Configuring DNS

Configuring DNS happens outside of GitBook, at the DNS provider you are using for your domain.

There are three parts to this step:

Configure a CNAME record

The names of the fields and what to actually enter to configure the record may differ between DNS control panels, but we’ve covered the most common options here. If you’re in any doubt, check with your DNS provider.

  • The type is the kind of DNS record that you want to create. Here, you need to choose CNAME.

  • The name or DNS entry is where you enter your subdomain. You might need to enter it in full (e.g. or you might just need to enter the part before your apex domain (e.g. docs). If you’re not sure which to use, check with your DNS provider.

  • The target or value or destination is where the subdomain should be pointed.

You might also see a field named TTL, which stands for Time To Live. It’s the number of seconds that the DNS record can be cached for. If you’re not sure what to set, look at the TTL for your existing DNS records. You could set the same number. If you’re still not sure, we suggest setting 43200 seconds (12 hours) or 86400 seconds (24 hours).

Here’s an example of how a correct configuration looks in Cloudflare’s control panel:

Note: a CNAME record cannot co-exist with another record for the same name. If you already have an A record, AAAA record, TXT record, or any other type of record for your chosen subdomain, you would need to remove those first, before adding the CNAME record.

Are you using Cloudflare?

If you are configuring DNS in Cloudflare’s control panel, please ensure that Cloudflare’s proxying (the orange cloud, also called "Proxy status" in your domain settings) is disabled.
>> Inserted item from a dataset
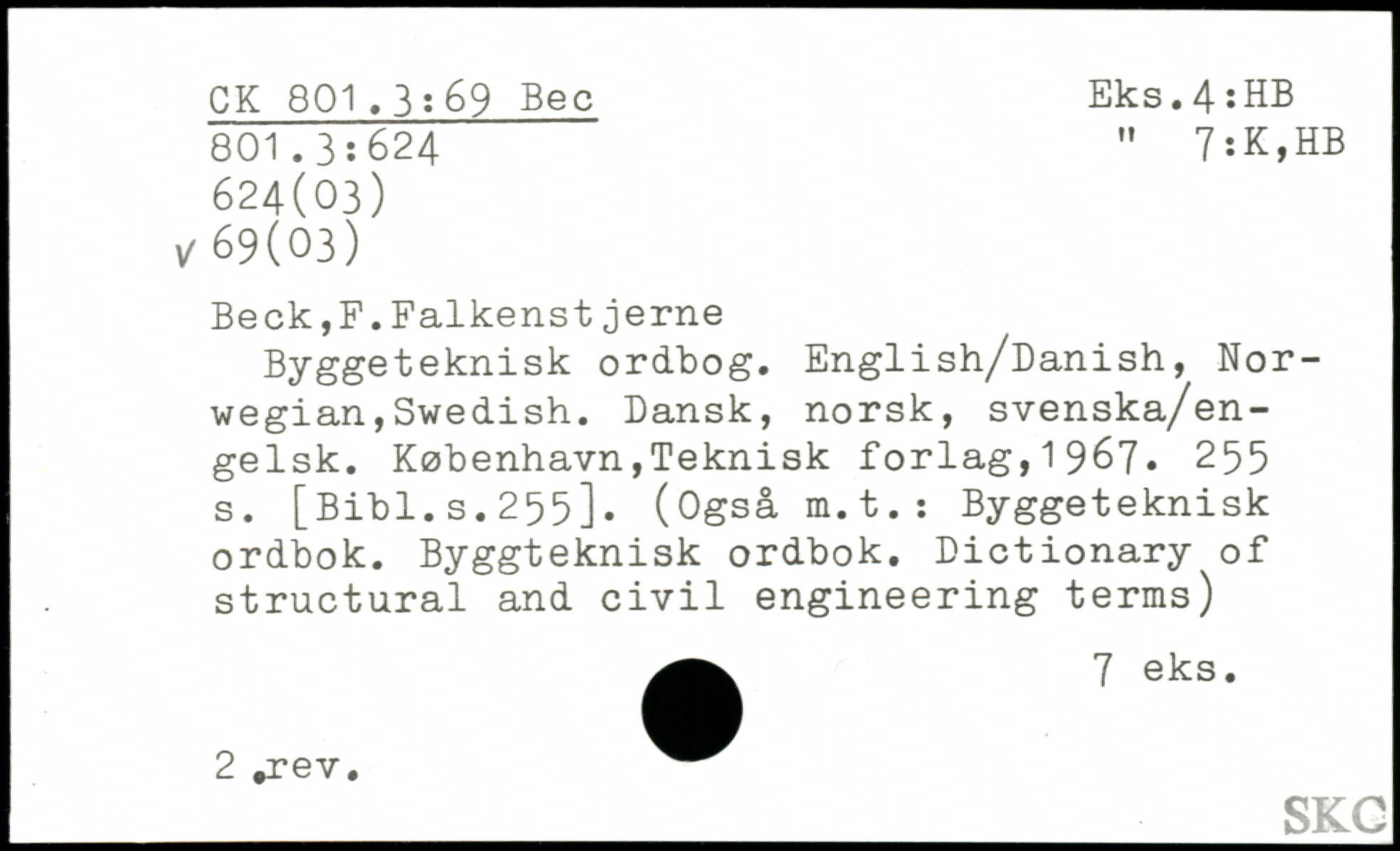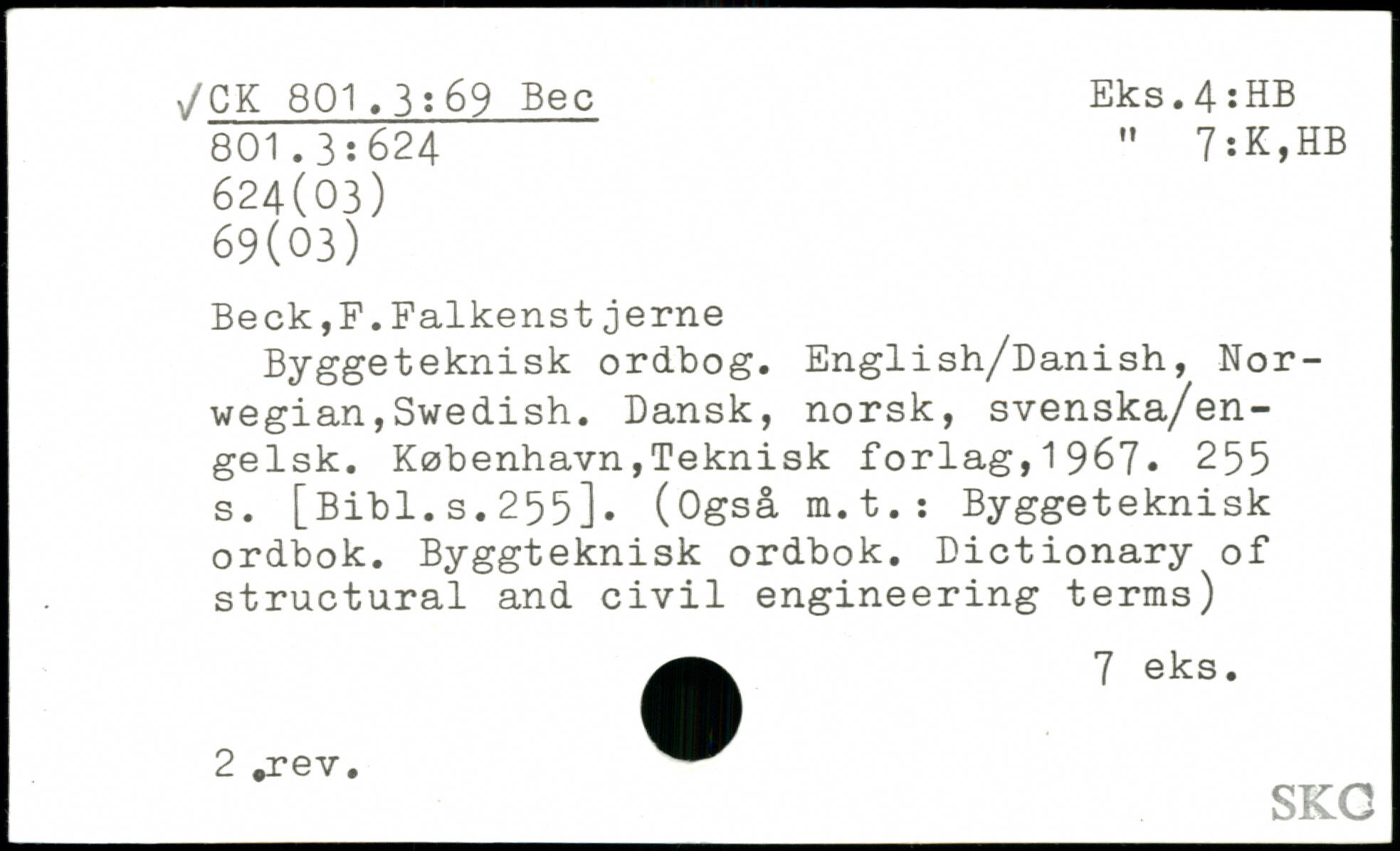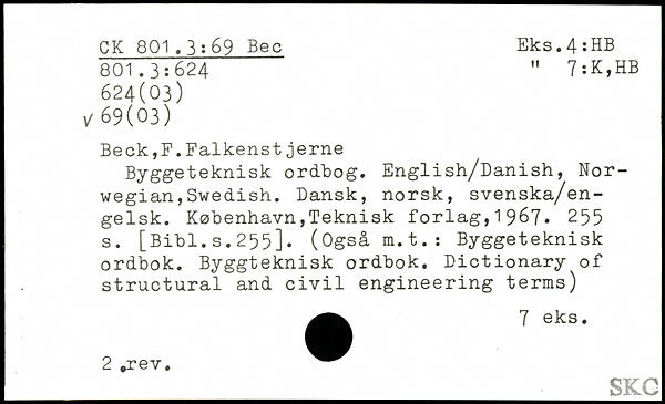Beck,F.Falkenst jerne Byggeteknisk ordbog. English/Danish, Norwegian, Swedish. Dansk, norsk, svenska/en-gelsk.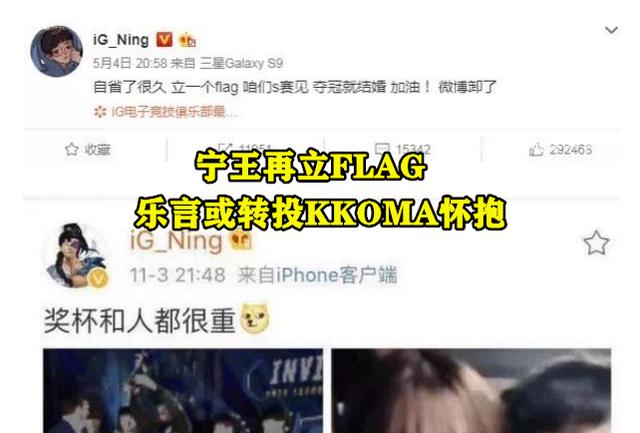 首先让我们来看看乐言转投KKOMA这条消息,到底有多少可信度。2020年5月4日晚,宁王的一条动态登上热搜:卸载WB了,夺冠就结婚。相信大多数吃瓜群众看到这条动态,第一感觉就是眼熟,毕竟这不是宁王第一次立下这种FLAG,但巧的是,他上一次立下FLAG还真就夺冠了。于是不少IG的粉丝对宁王也是充满期待,毕竟浪子回头金不换,巅峰时期的宁王还是非常恐怖的。倒也不是说乐言有多差,只是纵观这大大小小无数场比赛,最适合IG的打野依然是宁王,顺风扩大优势是大多数打野的必备技能,但像宁这种逆风局不怕背锅无视压力敢于冒死开团的打野,又有几位呢?

This is for two reasons:

  1. This option obfuscates the DNS target for your domain to the public, preventing GitBook from properly running routine checks on your custom domain.

  2. Your custom domain will already benefit from Cloudflare’s CDN and a Google Trust Services SSL certificate on our end.

Again, please turn off Cloudflare proxying to ensure that your documentation is served without issues and can be monitored by GitBook.

GitBook does not officially support proxy setups

If you decide to set it up anyway, please ensure your setup respects the following:

  • You need to proxy all GET, OPTIONS, HEAD, POST methods.

  • You should respect the Cache-Control header and use the entire request (url + headers, by respecting the Vary header) as a cache key.

  • You should not modify the HTML to load external resources, or you should take the CSP into consideration and ensure a nonce is set on every resources.

Check for a CAA record

The short answer: either don’t have a CAA record, or have one that explicitly allows Google Trust Services.

CAA records enable you to specify who can issue an SSL certificate for the domains that you own. We use Google Trust Services to issue an SSL certificate for your custom domain, so this needs to be allowed. There are two ways to do this.

  1. Have no CAA record. Without a CAA record, there are no limitations on which SSL providers are allowed to issue an SSL certificate for your domain.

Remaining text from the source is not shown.